Start of Block

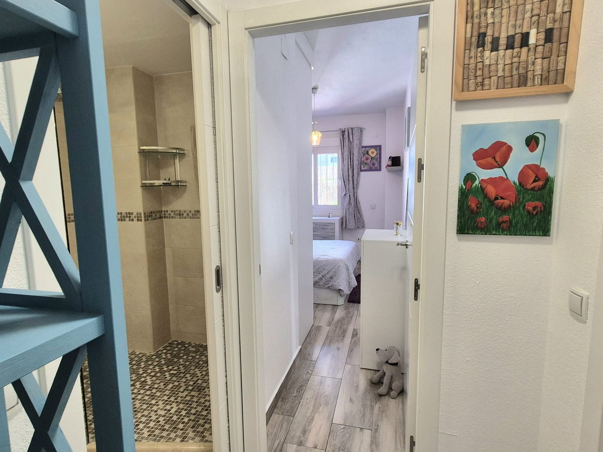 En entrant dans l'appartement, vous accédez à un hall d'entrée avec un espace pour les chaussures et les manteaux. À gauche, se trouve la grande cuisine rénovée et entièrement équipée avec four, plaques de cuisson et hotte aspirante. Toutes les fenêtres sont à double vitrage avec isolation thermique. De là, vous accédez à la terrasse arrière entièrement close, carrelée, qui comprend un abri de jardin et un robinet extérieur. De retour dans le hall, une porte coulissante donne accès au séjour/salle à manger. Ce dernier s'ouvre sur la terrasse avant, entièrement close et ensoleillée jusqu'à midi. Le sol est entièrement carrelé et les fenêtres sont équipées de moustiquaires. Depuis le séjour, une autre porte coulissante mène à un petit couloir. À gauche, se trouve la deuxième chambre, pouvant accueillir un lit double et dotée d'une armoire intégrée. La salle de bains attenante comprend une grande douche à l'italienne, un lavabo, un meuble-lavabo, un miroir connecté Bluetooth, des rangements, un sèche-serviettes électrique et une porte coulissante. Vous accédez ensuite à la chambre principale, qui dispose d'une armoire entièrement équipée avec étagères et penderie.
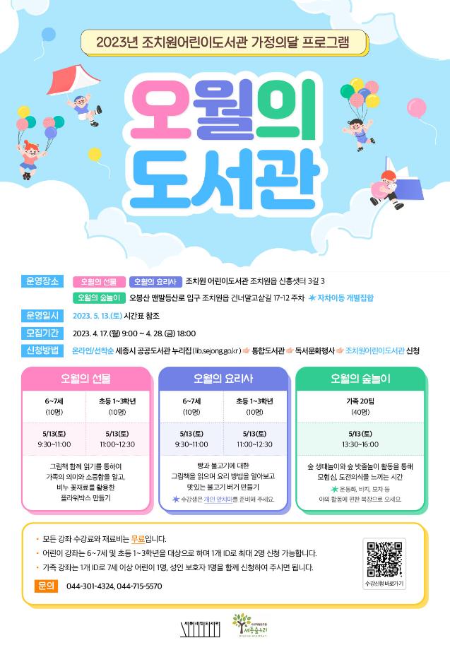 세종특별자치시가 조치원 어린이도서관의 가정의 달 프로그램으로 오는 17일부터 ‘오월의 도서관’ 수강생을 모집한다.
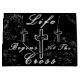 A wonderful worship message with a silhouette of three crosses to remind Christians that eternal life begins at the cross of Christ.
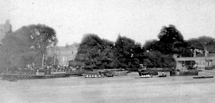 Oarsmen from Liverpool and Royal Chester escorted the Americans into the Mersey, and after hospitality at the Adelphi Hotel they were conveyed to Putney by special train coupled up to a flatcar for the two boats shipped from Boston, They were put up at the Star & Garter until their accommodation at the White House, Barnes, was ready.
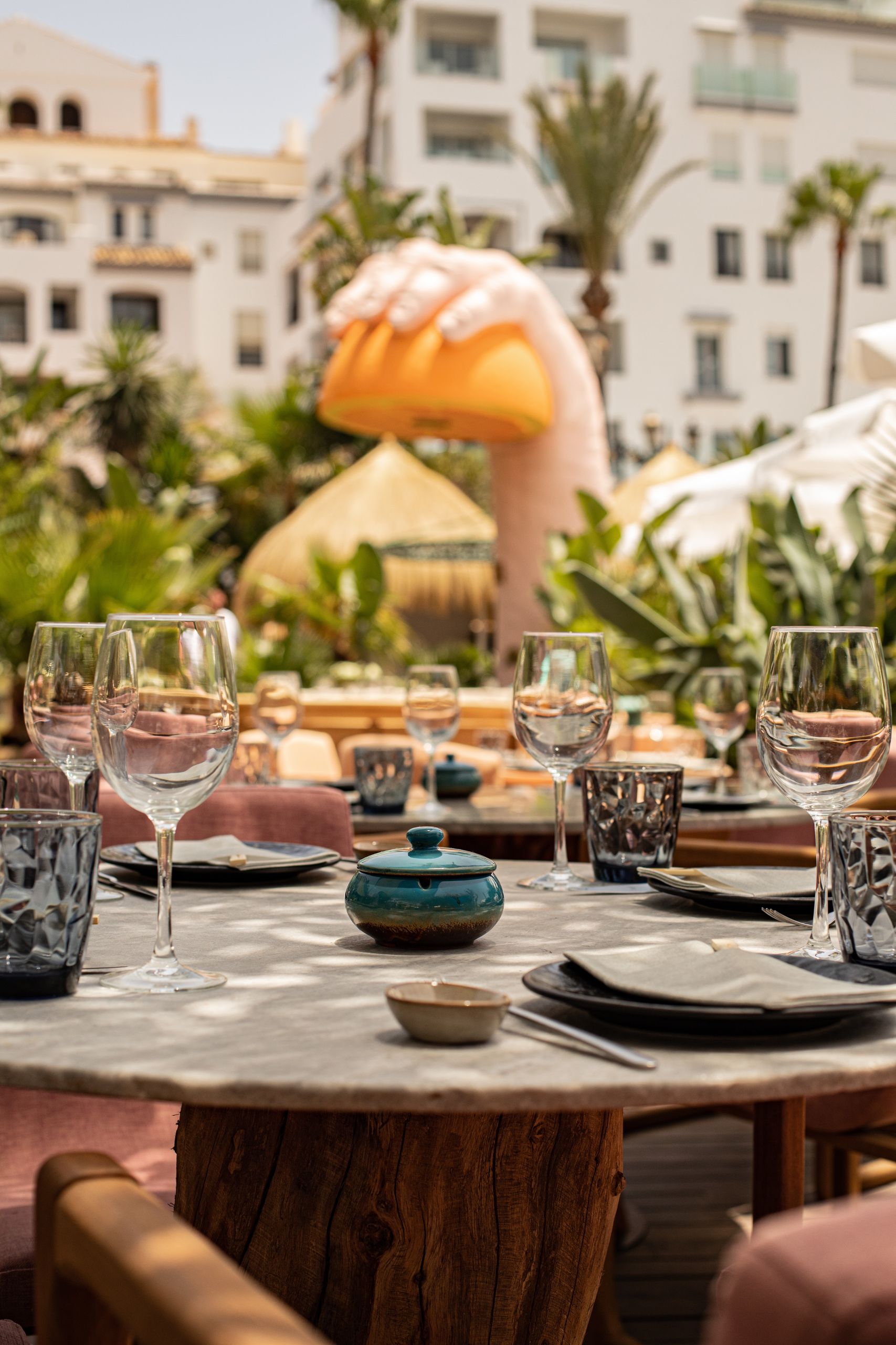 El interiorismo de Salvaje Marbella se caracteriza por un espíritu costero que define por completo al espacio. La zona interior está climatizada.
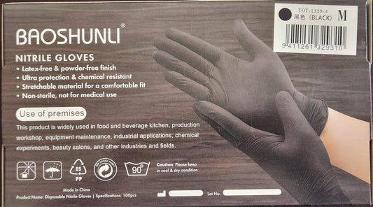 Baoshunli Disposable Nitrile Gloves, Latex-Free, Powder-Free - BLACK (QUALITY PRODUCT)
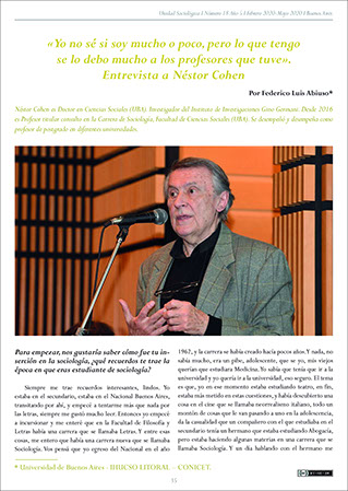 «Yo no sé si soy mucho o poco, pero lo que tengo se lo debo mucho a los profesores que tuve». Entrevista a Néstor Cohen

End of Block
Start of Block

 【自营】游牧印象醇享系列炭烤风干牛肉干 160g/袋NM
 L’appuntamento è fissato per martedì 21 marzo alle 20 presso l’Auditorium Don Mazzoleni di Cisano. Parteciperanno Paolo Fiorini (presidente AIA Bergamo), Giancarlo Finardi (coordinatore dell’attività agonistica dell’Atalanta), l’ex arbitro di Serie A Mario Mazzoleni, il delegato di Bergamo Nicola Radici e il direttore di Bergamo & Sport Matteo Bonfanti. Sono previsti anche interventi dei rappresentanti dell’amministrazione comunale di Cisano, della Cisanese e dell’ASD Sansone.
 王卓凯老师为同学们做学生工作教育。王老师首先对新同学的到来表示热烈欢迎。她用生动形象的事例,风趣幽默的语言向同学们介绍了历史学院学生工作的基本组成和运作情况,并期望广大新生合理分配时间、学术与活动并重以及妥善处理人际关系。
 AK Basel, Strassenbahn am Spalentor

End of Block

YOUR OBJECTIVE: Using the records above, repeat exactly the run of lines that starts with the line with "El interiorismo de" and goes on through the line with "a Néstor Cohen"; omit each picture.

RESPONSE BELOW:
 El interiorismo de Salvaje Marbella se caracteriza por un espíritu costero que define por completo al espacio. La zona interior está climatizada.
 Baoshunli Disposable Nitrile Gloves, Latex-Free, Powder-Free - BLACK (QUALITY PRODUCT)
 «Yo no sé si soy mucho o poco, pero lo que tengo se lo debo mucho a los profesores que tuve». Entrevista a Néstor Cohen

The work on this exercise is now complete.